Use your own SSL certificates
To use your own certificates, prepare them and follow the steps below:
- Disable ACME / Let's Encrypt support
- Put a custom Traefik configuration file on the server, with the help of this Ansible playbook (via the
aux
role) or manually - Register your custom configuration file with Traefik, by adding an extra provider of type file
- Put the SSL files on the server, with the help of this Ansible playbook (via the
aux
role) or manually
For those steps, you can add the following configuration to your vars.yml
file (adapt to your needs). If you will put the custom configuration files manually, make sure to remove the aux_file_definitions
variable.
# Disable ACME / Let's Encrypt support.
traefik_config_certificatesResolvers_acme_enabled: false
# Disabling ACME support (above) automatically disables the SSL directory to be created.
# Force-enable it to be created with this configuration, because we'll add our certificate files there.
traefik_ssl_dir_enabled: true
# Tell Traefik to load our custom SSL key pair by extending provider configuration.
# The key pair files are created below, in `aux_file_definitions`.
# Note that the `/ssl/…` path is an **in-container path**, not a path on the host (like `/matrix/traefik/ssl`). Do not change it!
traefik_provider_configuration_extension_yaml:
tls:
certificates:
- certFile: /ssl/cert.pem
keyFile: /ssl/privkey.pem
stores:
default:
defaultCertificate:
certFile: /ssl/cert.pem
keyFile: /ssl/privkey.pem
# Use the aux role to create our custom files on the server.

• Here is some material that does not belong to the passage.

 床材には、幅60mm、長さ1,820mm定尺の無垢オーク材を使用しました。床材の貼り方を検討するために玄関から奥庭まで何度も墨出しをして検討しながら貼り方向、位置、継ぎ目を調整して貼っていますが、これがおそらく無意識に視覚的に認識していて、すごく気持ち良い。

# If you'd like to do this manually, remove this `aux_file_definitions` variable.
aux_file_definitions:
# Create the privkey.pem file on the server by
# uploading a file from the computer where Ansible is running.
- dest: "{{ traefik_ssl_dir_path }}/privkey.pem"

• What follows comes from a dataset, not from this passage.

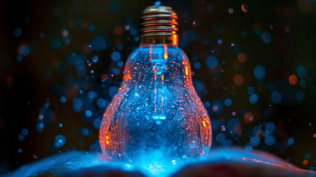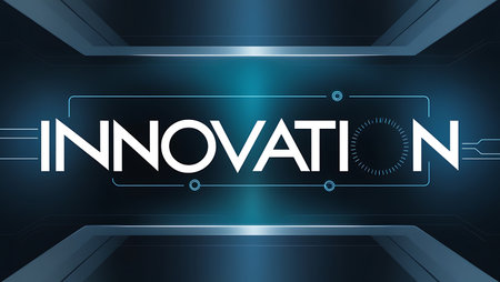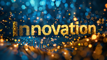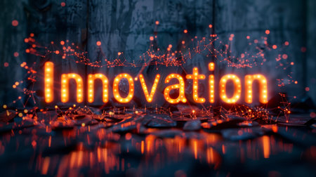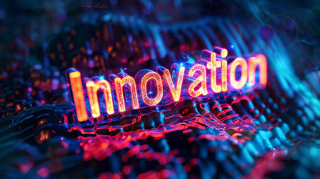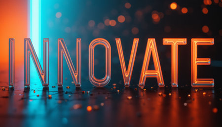 The word INNOVATE glows in striking neon hues of orange and blue, set against a dark, sparkling background. This captivating image embodies creativity and forward-thinking, inviting viewers to embrace new ideas and possibilities.

src: /path/on/your/Ansible/computer/to/privkey.pem
# Alternatively, comment out `src` above and uncomment the lines below to provide the certificate content inline.
# Mind the indentation level (indented with two white space characters).
# content: |
# FILE CONTENT
# HERE
# Create the cert.pem file on the server
# uploading a file from the computer where Ansible is running.
- dest: "{{ traefik_ssl_dir_path }}/cert.pem"
src: /path/on/your/Ansible/computer/to/cert.pem
# Alternatively, comment out `src` above and uncomment the lines below to provide the certificate content inline.
# Mind the indentation level (indented with two white space characters).
# content: |
# FILE CONTENT
# HERE
Use a DNS-01 ACME challenge type, instead of HTTP-01
You can configure Traefik to use the DNS-01 challenge type for Let's Encrypt. This is less commonly used than the default HTTP-01 challenge type, but can be helpful to:
- hide your public IP from Let's Encrypt logs
- allow you to obtain SSL certificates for servers which are not accessible (via HTTP) from the public internet (and for which the HTTP-01 challenge would fail)
Example: Cloudflare
Here is an example for configurations on the vars.yml
file for Cloudflare. Please adjust it as necessary before applying it.
traefik_config_certificatesResolvers_acme_dnsChallenge_enabled: true
traefik_config_certificatesResolvers_acme_dnsChallenge_provider: "cloudflare"
traefik_config_certificatesResolvers_acme_dnsChallenge_delayBeforeCheck: 60
traefik_config_certificatesResolvers_acme_dnsChallenge_resolvers:
- "1.1.1.1:53"
traefik_environment_variables_additional_variables: |
CF_API_EMAIL=redacted
CF_ZONE_API_TOKEN=redacted
CF_DNS_API_TOKEN=redacted
LEGO_DISABLE_CNAME_SUPPORT=true
Make sure to change the value of "provider" to your particular DNS solution, and provide the appropriate environment variables. The full list of supported providers is available here.
This example assumes you're using Cloudflare to manage your DNS zone. Note that it requires the use of two tokens: one for reading all zones (CF_ZONE_API_TOKEN
) and another that must be able to edit the particular domain you're using (CF_DNS_API_TOKEN
). For security, it's recommended that you create two fine-grained tokens for this purpose, but you might choose to use the same token for both.